The eventual defeat of the Germans at the hands of Russia was a certainty for those refugees, as Penelope Frey put it: “It happened with Napoleon, and it was going to happen again.”

When Frey recounted his experiences to his wife—they married in 1966—she had asked if he knew anyone from the ship still alive. He did. And then upon his wife’s suggestion, every year on that day, Frey’s office hosted a celebration with six or seven survivors.

Only 11 miles from Dr. Frey’s Park Avenue office, across the East River on Eastern Parkway in the Crown Heights neighborhood of Brooklyn, the Rebbe, too, would celebrate and give thanks to G‑d from their escape from the Nazi inferno. The 28th of Sivan became a day of celebration in 770 Eastern Parkway—the headquarters of the Chabad-Lubavitch movement—with a special farbrengen held to mark it each year from 1986.

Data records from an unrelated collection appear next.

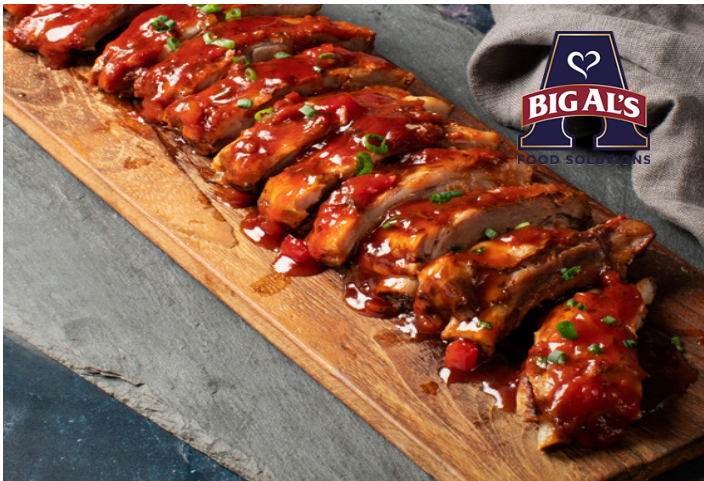
FGOL4280 Pork Rib Rack 10 x 1040g €110.00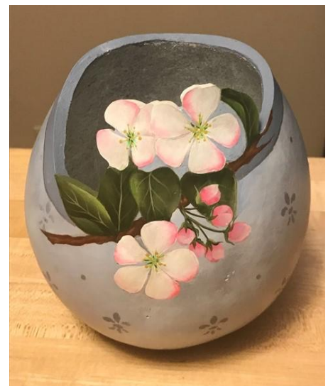
Apple Blossom Gourd 6 1/2 x 6 1/2 - Acrylics Jeanne Collick $22 includes all materials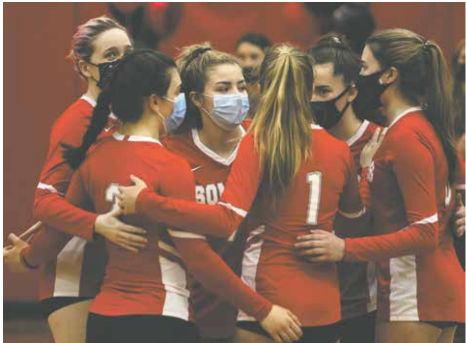
Somers defeated Brewster twice last week in volleyball (3-0, 3-1).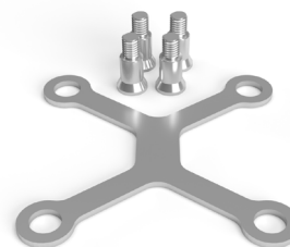
Fig. 1 - Leaf spring with screws for mounting heat sink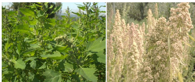
Figure 3. From left to right is Shisha at flowering and maturity stages, respectively, in Ngoma District, Eastern Province of Rwanda in 2022.

In February 2022 Shisha was sown in a 5 × 20 m strip at one of the QuinoaHub farms situated in Kigabiro Cell, Murama Sector, Ngoma District, Eastern Province for the elimination of off types. Identified off types were rogued and rows that appeared uniform and clean were harvested and bulked and planted in October 2022, creating foundation seed.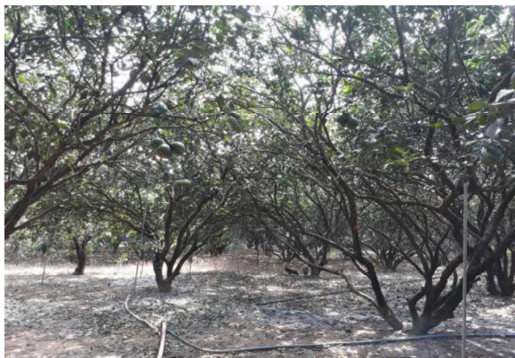
Figure 2. Pomelo garden in Tan Trieu Islet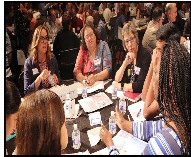
Community Conversation at the Silver Spring Civic Center, Spring 2018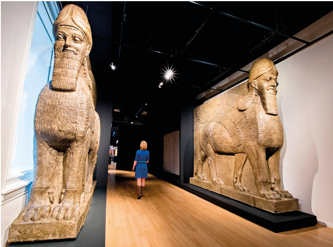
The Lamassu facsimiles created for the exhibition Nineveh at the Rijksmuseum van Oudheden. Part of the agreement to loan them was dependent on the sculptures being donated to the University of Mosul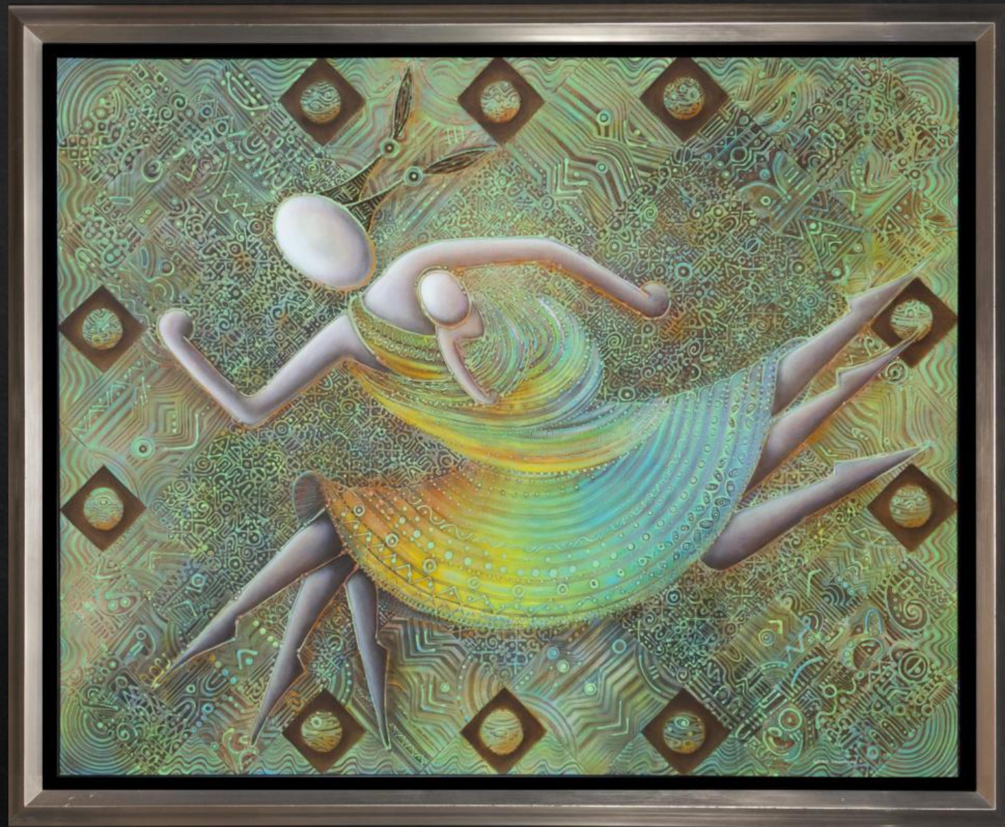
“CRUZANDO LA FRONTERA” (Crossing The Frontier) 120x150cm/ 47x59in

The Skull’s Saga Continues

Eighty years later, it would be the Rebbe’s emissary in Temecula, Calif., who would help lay the skull of this anonymous, destitute Holocaust survivor to rest.

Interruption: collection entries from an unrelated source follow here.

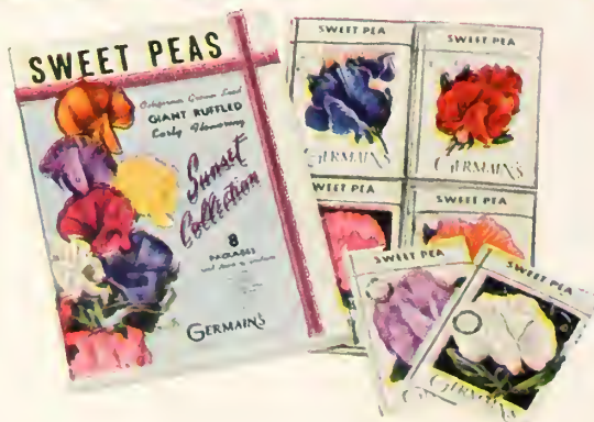
Early Spencer SUNSET COLLECTION

Six splendid colors for cutting and garden display, and one package of plant food tablets. Complete in large 6 x 9 in. collection package, illustrated in full color. Reg. 75c Value for 50c Postpaid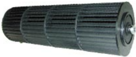
WHEEL & BUSHING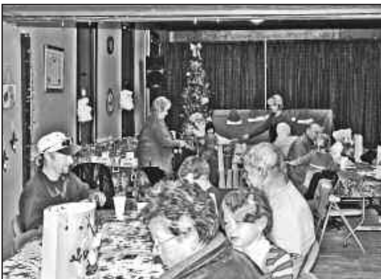
Florissant Grange Christmas Party complete with crafts and goodies.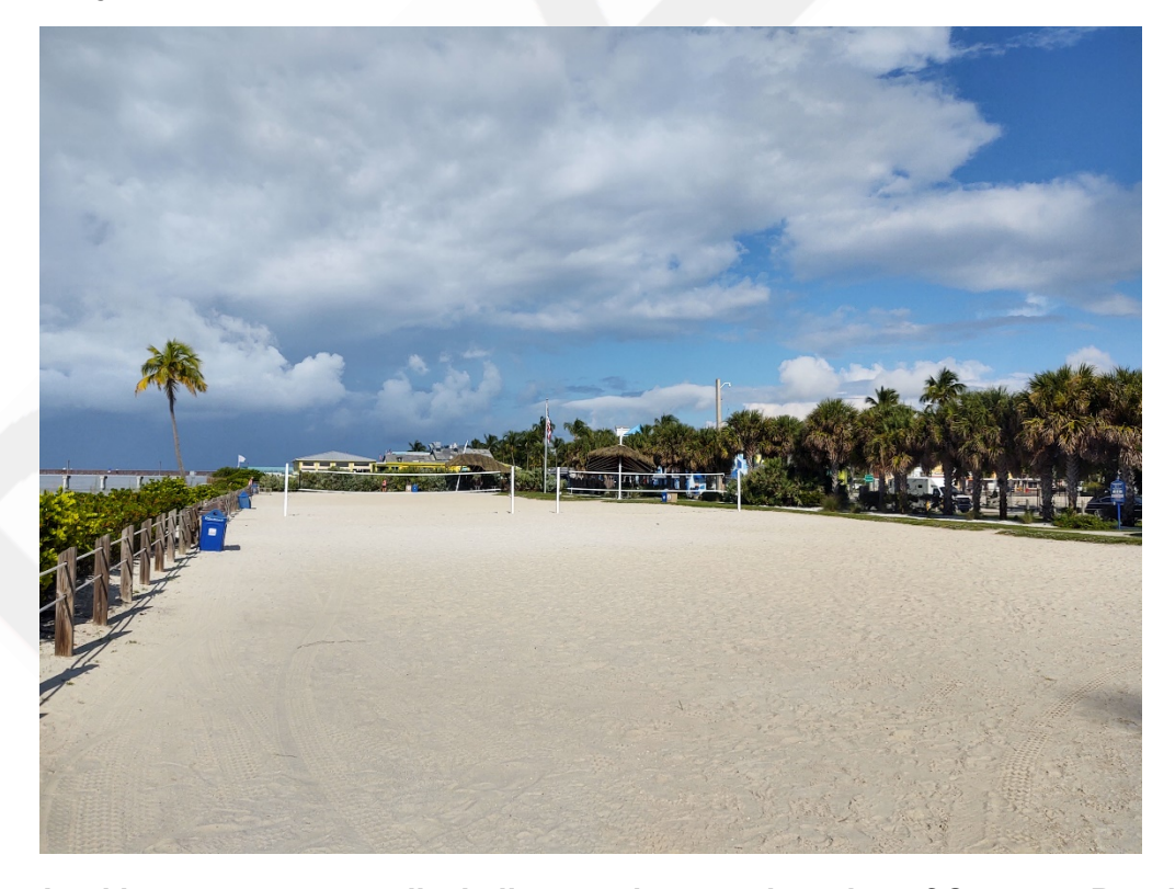
Photo 4. Looking west across volleyball courts in central portion of Crescent Beach Family Park

Penelope and her husband knew a young Jewish boy who was close with their family and later became religious, moving to Israel. When Penelope revisited the mysterious skull that she’d brought with her to California when she moved there after retirement, she asked this family friend his advice. What does one do with a Jewish skull in a box, she wondered?

“Call the local Chabad,” her Jewish friend suggested.

“She called me while I was standing in line with a youth group at Knott’s Berry Farm and said, ‘I have the skull of a Holocaust survivor and would like to give it a proper burial, ” recounted Rabbi Yonasan Abrams, co-director of Chabad of Temecula with his wife, Natanya. “I wasn’t sure whether to call the mortuary, a more qualified rabbi, the media or police!”

Abrams immediately began making arrangements. On Oct. 4, with the assistance of Baruch (Bruce) Bloom of the Chesed Shel Emes Society of California and as Penelope Frey looked on, he carefully lowered the small casket into a grave at the Mount Olive Memorial Park Jewish Cemetery in Los Angeles and then they gently shoveled some dirt over the fresh grave. After 70 years, the skull of the man from the dental clinic with the numbers on his arm was finally laid to rest.

“We don’t know why he suffered so much during his lifetime, and even after life, but finally, his soul can rest in peace,” reflected Abrams.

“This story has a positive ending,” remarked Penelope. “This lifts my heart, and I believe my husband would have acted in the same way.”